矢吹健太朗は1980年生まれ、日本を代表する男性漫画家です。『
週刊少年ジャンプ』での連載を中心に活躍し、110巻を超える作品を世に送り出しています。脚本家・長谷見沙貴とのコンビによる『To LOVEる -とらぶる-』は、2006年から2009年にかけてジャンプ誌上で連載されたラブコメディの傑作として知られ、その後スピンオフである『
ダークネス』も展開されました。近年は『
あやかしトライアングル』で妖怪退治を題材とした新しい世界観に挑戦するなど、作風の幅を広げています。矢吹は自身の作品について「ラブコメというより別の何かになりつつある」とコメントするなど、単純なジャンル分けに収まらない表現を追求する作家として認識されています。
矢吹の代表作は何といっても『To LOVEる -とらぶる-』です。男子高校生・結城梨斗を主人公に、宇宙人ヒロイン・ララとの出会いから始まる三角関係を軸としたストーリーで、登場する女性キャラクターのほとんどが美女・美少女として描かれる点が大きな特徴です。
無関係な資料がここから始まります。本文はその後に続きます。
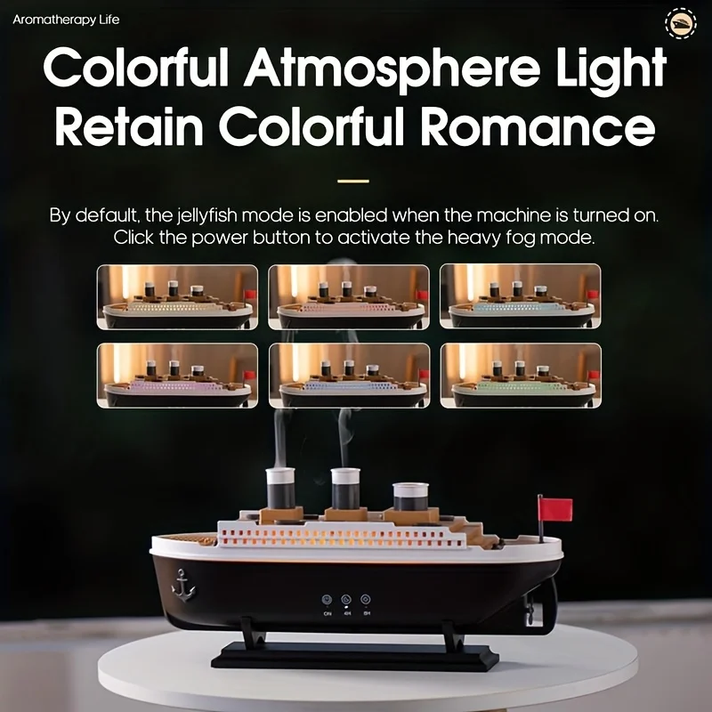 تيتانيك نموذج باخرة الهواء المرطب USB المنزل 250 مللي زيت طبيعي الناشر قنديل البحر الدخان الدائري رذاذ ناشر رائحة المرطبات 5

作品はカラー版・モノクロ版の両方が刊行され、スピンオフの『
ダークネス』も含めて多くの読者に支持されてきました。より近年の『
あやかしトライアングル』では、妖と戦う忍者・祓忍(はらいにん)の少年が、妖の術で女性の肉体に変えられてしまうという設定で、アクションとラブコメを融合させた新しい作風を展開しています。矢吹の共通するテーマは、恋愛と冒険・戦闘が絡み合うストーリー構成であり、魅力的なキャラクター描写と躍動感のある絵柄が特徴です。
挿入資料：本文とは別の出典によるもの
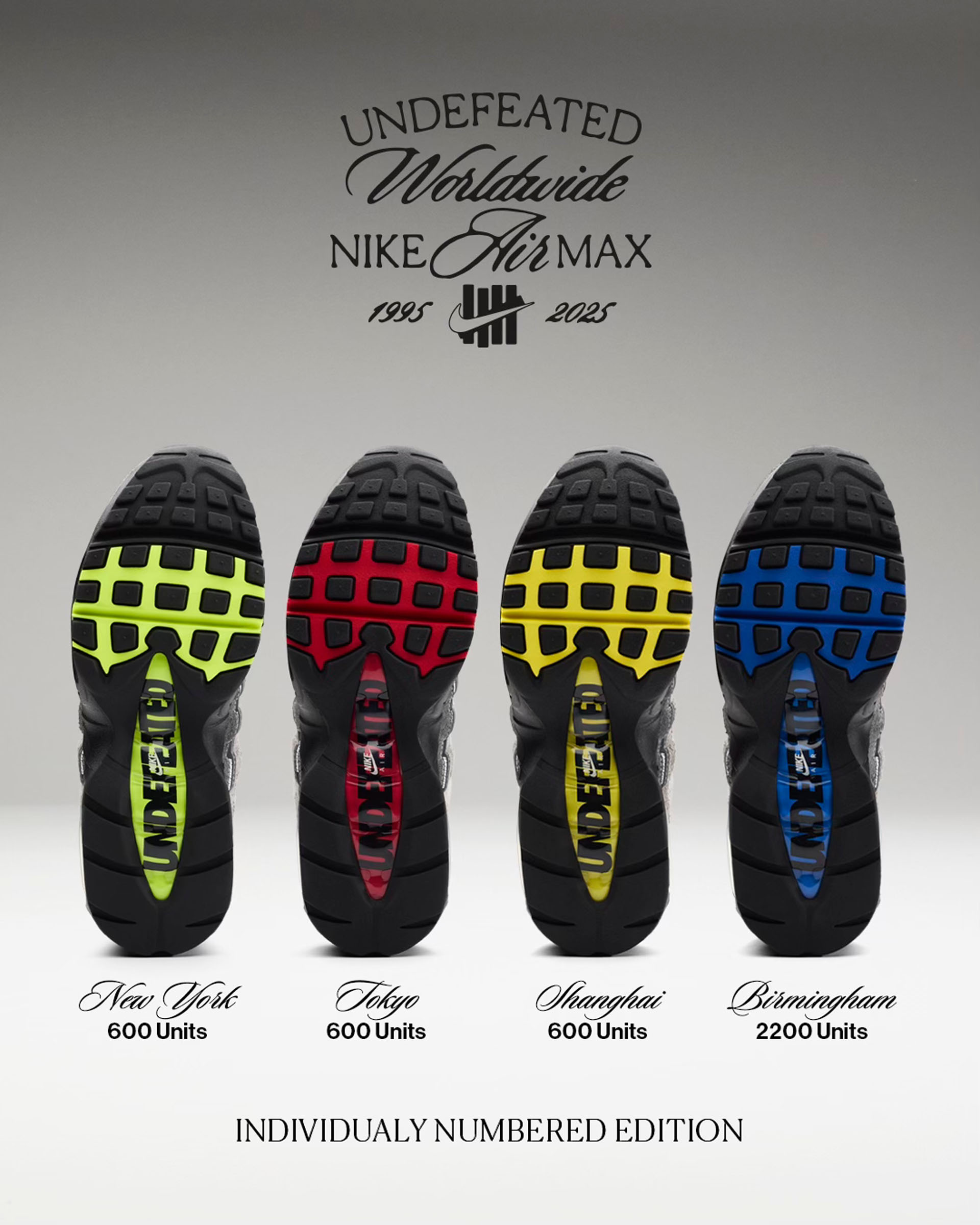 「Black」と「Sail」世界共通エディションの発売に続き、UNDEFEATEDはコラボレーションを拡大し、地域限定のグローバルなAir Max 95シリーズを展開。各モデルは個別にシリアルナンバーが刻印された限定品であり、実店舗でのみ販売される。

矢吹作品の入門には『To LOVEる -とらぶる-』がおすすめです。本作は完結済みで、カラー版とモノクロ版の両方が刊行されており、どちらからでも読み始められます。ラブコメディとしての基本を押さえつつ、キャラクターの魅力を存分に楽しめます。より深く矢吹の世界観を知りたい場合は、スピンオフの『
ダークネス』へ進むのが自然な流れです。より新しい作品を試したい読者には『
あやかしトライアングル』をお勧めします。こちらは『
週刊少年ジャンプ』での連載後に『少年ジャンプ+』で展開された作品で、アクション要素が強くなりつつも矢吹の持ち味であるキャラクター描写が活きています。いずれの作品も現在も読める版が存在し、矢吹の幅広い表現方法を体験できます。